“I? Oh, Mr. Dwight, don't say that!” Helen pleaded.
“Well, I'm only telling you the truth,” said Dwight, throwing his cigar away and putting, both thumbs under his suspenders. “You know that as well as I do. He sees how you are bothered about your old mammy, and he has simply taken up your cause. It's just what I'd 'a' done at his age. I reckon I'd 'a' fought till I dropped in my tracks for a girl I—but from all accounts you and Carson couldn't agree, or rather you couldn't. He seems to be agreeing now and staking his life and political chances on it. Well, I don't blame him. It never run in the Dwight blood to love more than once, an' then it was always for the pick of the flock. Well, you are the pick in this town, an' I wouldn't feel like he was my boy if he stepped down and out as easy as some do these days. I met him on his way to the farm and tried to shame him out of the trip. I joined the others in teasing him about that Augusta fellow, who can do his courting by long-distance methods in an easy seat at his writing-desk, while up-country chaps are doing the rough work for nothing, but it didn't feaze 'im. He tossed his stubborn head, got pretty red in the face, and said he was trying to help old Linda and Lewis out, and that he know well enough you didn't care a cent for him.”
Helen had grown hot and cold by turns, and she now found herself unable to make any adequate response to such personal allusions.

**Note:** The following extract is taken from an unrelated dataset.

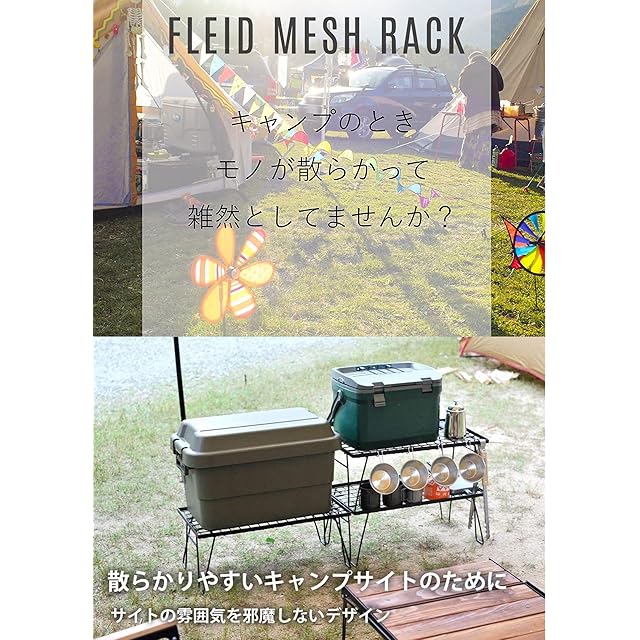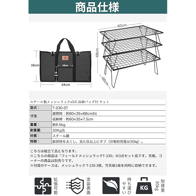 【キャンプサイトのレイアウトに】サイトの雰囲気を邪魔しないデザイン。テーブルとして使用するもにもちょっといい大きさ。オプション(別売品)が豊富で、連結天板でさまざまなレイアウトに対応。ソロキャンプでのテーブルとして、焚き火のサイドテーブルとしてなど、アイデア次第どんな使い方も可能です。【ある時はラック、ある時はテーブルと、マルチに使える】ギアボックスや小物類を置くのに便利で、2段重ねにすれば、上段に2バーナー、下段に調理器具や食材をおいて、ロースタイルのキッチンカウンターとしても使えます。ロースタイルなキッチンシステムとしても使える。<br> 【クーラーBOXスタンド】クーラーボックスなど地面への直置きに抵抗のあるアイテムの頼まれるスタンド。雨の日、雨水がタープやスクリーンの中まで流れる事もしばしば。そのような場面で濡らしたくないものを置いておけるクーラーボックススタンド。シンプルな構造で簡単に組手折りたたみができます。メッシュなので、洗った食器をそのまま置いて乾かすこともでき、食器類の水切り、乾燥にも便利な水切りラックにも。別売品のメッシュバックT-2303を取り付けると、虫除けにも

“Huh, I see I got you teased, too!” Dwight said, with a short, staccato laugh. “Oh, well, you mustn't mind me. I'll go in and see if my wife is asleep, and if she is I'll go to bed myself.”

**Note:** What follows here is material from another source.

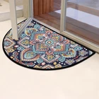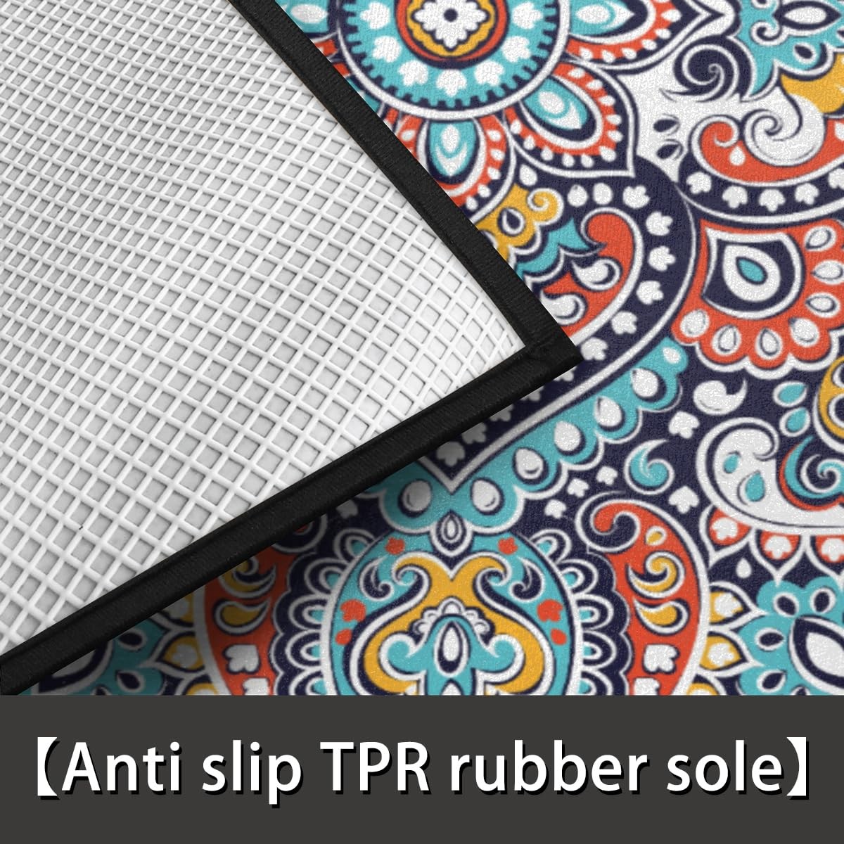 Half Round Door Mat Non Slip Half Circle Rug Indoor Floor Mat Welcome Mat Size: 36x24inch, half round area rug for front door kitchen bedroom bath room indoor outdoor entrace Features Absorb Water, Stain Resistant, Wear Resistant, Non-Slip, Non Fading, Anti-Fatigue, Home Decorative Semi Circular Rug Good Quality Soft and durable polyester material, interlayer is high density space elastic cotton, bottom is dot plastic backing, comfortable half round door mat relief your pressure of feet from the hard floor. Low profile half moon rug, good for indoor high traffic areas, easy to clean for everyday use. Decorative Semicircular Door Mat Colorful and designed entrance mat easy to match home decor, it is a thoughtful gift for your mother, girlfriend, relative on Thanksgiving Day, Christmas or other events. Tips Package: 1xHalf Round Door mat The rugs is folded to delivery due to the shipping volume limitation, there are lightly crease when you received it, please turn it over where there is a crease, and then slowly pull the carpet back while applying downward pressure on the crease, it will quick recover in few days. Please allow 1-2cm error due to manual measurement, and slight color difference due to computer display. If you have any questions about our products, please before purchasing. We will then answer you patiently. 【DURABLE MATERIAL】: Our BOHO door mats boast 100% high-quality, all-natural rubber construction, Not only are they eco-friendly, but they're also safe. Unlike cheaper alternatives, our mats are designed to last significantly longer. The natural rubber bottom and raised pattern non-slip backing ensure firm grip on both indoor and outdoor surfaces. With our mats, you can rest assured that your pets and children can play safely without slipping or scuffing floors. 【Size&Material】: Our half circle rug size 24"x36",half round area rug low-profile design ideal for low-clearing doors or entryways, won't stuck the door; Our interior door mat is made of high-quality polyester fabric to keep moisture, dirt, debris and mud out of your home; This multipurpose doormat is durable that ensures the color will not fade, even in sunlight. They are made in more stylish colors and patterns to match any décor, making your home more cute and modern. 【WIDELY USING】: Our ultra thin indoor entrance door mats is great as rug for bedroom, living room carpet, dinning room rug,dorm room rug,soft area rug,half circle bath mat 【Home Decoration】: Our half round door mat has exquisite and unique patterns, perfect for indoor use, such as boys room, girls room carpets, kids carpets, living room, bedroom, playing room, study room, dorm etc 【Easy to Clean】: Our half circle door mat simply vacuum with a hand-held vacuum, sweep with a broom, or shake off outdoors or over your garbage bin; For a deeper clean, machine washable in cold water with mild detergent, or use a garden hose to rinse the mat outdoors. Special Note: For the convenience of logistics and transportation, the mats will be folded and shipped. Customers may have creases when they receive it. After leaving for 3-5 hours, the creases will disappear.

Helen, deeply depressed, and beset with many conflicting emotions, turned back to the veranda, and, instead of going up to her room, she reclined in a hammock stretched between two of the huge, fluted columns. She had been there perhaps half an hour when her heart almost stopped pulsating as she caught, the dull beat of horses' hoofs up the street. Rising, she saw a horseman rein in at the gate at Dwight's. It was Carson; she knew that by the way he dismounted and threw the rein over the gate-post.

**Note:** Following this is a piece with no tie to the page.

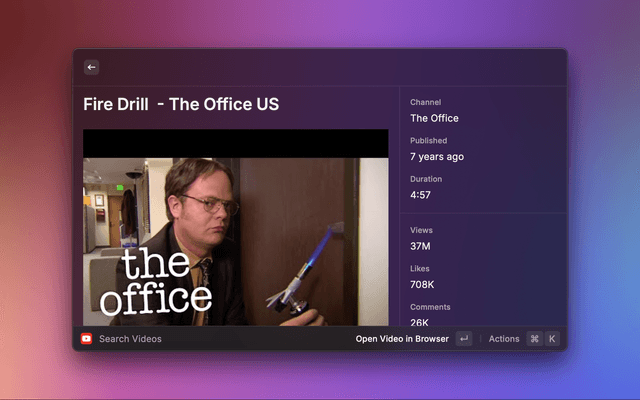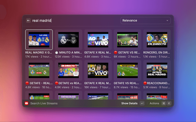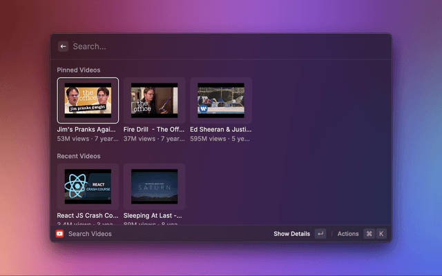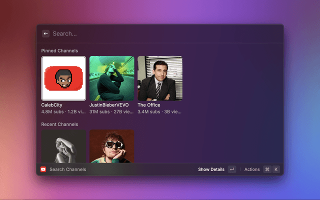 Now you should be able to search videos and channels on YoutTube with Raycast 🚀.

“Carson!” she called out. “Oh, Carson, I want to see you!”
He heard, and came along the sidewalk to meet her at the gate where she now stood. What had come over him? There was an utter droop of despondent weariness upon him, and then as he drew near she saw that his face was pale and haggard. For a moment he stood, his hand on the gate she was holding open, and only stared.
“Oh, what has happened?” she cried. “I've been waiting for you. We haven't heard a word.”
In a tired, husky voice, for he had made many a speech through the day, he told her of Pete's escape. “He's still hiding somewhere in the mountains,” he said.
“Oh, then he may get away after all!” she cried.